Quería escribir una especie post de transición, en el que explicar el adecentamiento general de este blog por la llegada repentina de nuevos lectores. Pero una vez más se han metido por medio otras cosas sobre las que me apetecía escribir. Quizás es que estas entradas son un intento de poner orden en el caos, y al final nunca sé si de aquí sale algo coherente o sólo una sábana en la que mostrar un desorden de objetos extraños, como en el Rastro. A partir de aquí, que cada cual mire, busque y elija (o que pase de largo, si es lo que le sale).

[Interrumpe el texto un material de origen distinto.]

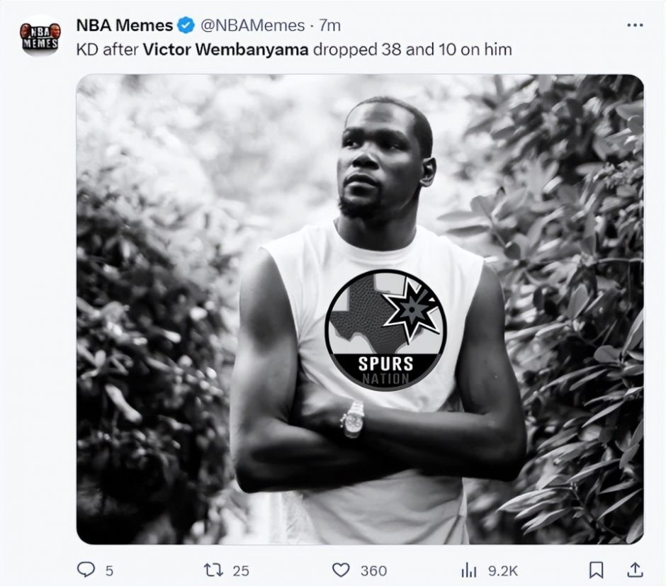 美媒NBA Meme调侃杜兰特:KD的下一站应该是圣安东尼奥马刺队。

Esta semana me tocaba hacerme la prueba del VIH, y mientras esperaba los resultados aproveché para hacerle unas cuantas preguntas al chico del BCN Check Point. El tema del VIH es hoy en día una cuestión de información: la mayoría de contagios se producen a partir de gente que no sabe o no quiere saber que está infectada, y que tiene el nivel de carga viral por las nubes. Es aquello de lo que hablé en otro post,  si realmente queremos estar informados. Lo de la información también tiene que ver con el propio estigma de la enfermedad: es fácil marginar aquello que desconocemos y ante lo que preferimos mantener una visión un tanto primaria y oscura. En esto me incluyo de alguna manera: conozco cuáles son las prácticas de riesgo, pero una de las cosas que no sabía, por ejemplo, es que sin tratamiento el virus actúa de forma silenciosa y sin producir síntomas durante un tiempo medio de ocho años, pasados los cuales el sistema inmunológico de la persona ha quedado  destrozado. Por eso es tan importante una detección precoz.  Tampoco sabía que con los tratamientos actuales, la carga viral de un portador del VIH es tan baja que es difícil que pueda llegar a infectar a otra persona.

Regalos

Además, te hacen regalos

El chico del Check Point hizo un comentario del tipo ‘afortunadamente, las cosas no son como hace treinta años’. Lo que hoy es una cuestión de querer o no estar informado, a principios de los ochenta era una falta absoluta de información. El SIDA surgió de repente como enfermedad mortal y se llevó por delante a un montón de gente que ni pudo prevenirla ni luchar contra ella.  Lo curioso es que en España coincidiese con un momento en que ciertas prácticas consideradas de riesgo (el sexo casual sin protección y el consumo de heroína) estaban en pleno apogeo, en esa especie de fiesta colectiva que fue la Movida. Trapiello lo explicaba bien esta semana en una entrevista del Jot Down, y me da cierto miedo hablar de oídas sobre algo así. Por entonces yo era un crío y recuerdo comentarios de los mayores sobre el tema, del tipo ‘Fulano está enganchado’, o que alguien estaba ‘muy malito’. Eso también me recuerda a la manera en que se habla de ciertas muertes que se producen ‘tras larga y penosa enfermedad’, o la costumbre de decir que alguien ha fallecido y no que ha muerto.  Pero el caso que tengo más presente es el de la muerte en 1985 de la hija de Carmen Martín Gaite, Marta Sánchez Martín (hija también de Rafael Sánchez Ferlosio, y nieta de Rafael Sánchez Mazas y Liliana Ferlosio). Siempre había pensado que la hija de Carmen Martín Gaite había muerto en un accidente de coche, por eso me sorprendió enterarme de que había muerto de SIDA y enganchada a la heroína. Me resulta curioso el silencio general sobre el tema, así que igual me estoy metiendo en terreno pantanoso (en cualquier caso, la posibilidad de escribir comentarios a este post es algo así como un teléfono de aludidos). Como me dijo mi padre el otro día: está bien que tú quieras desnudarte, pero no sé si tienes derecho a desnudar también a los demás.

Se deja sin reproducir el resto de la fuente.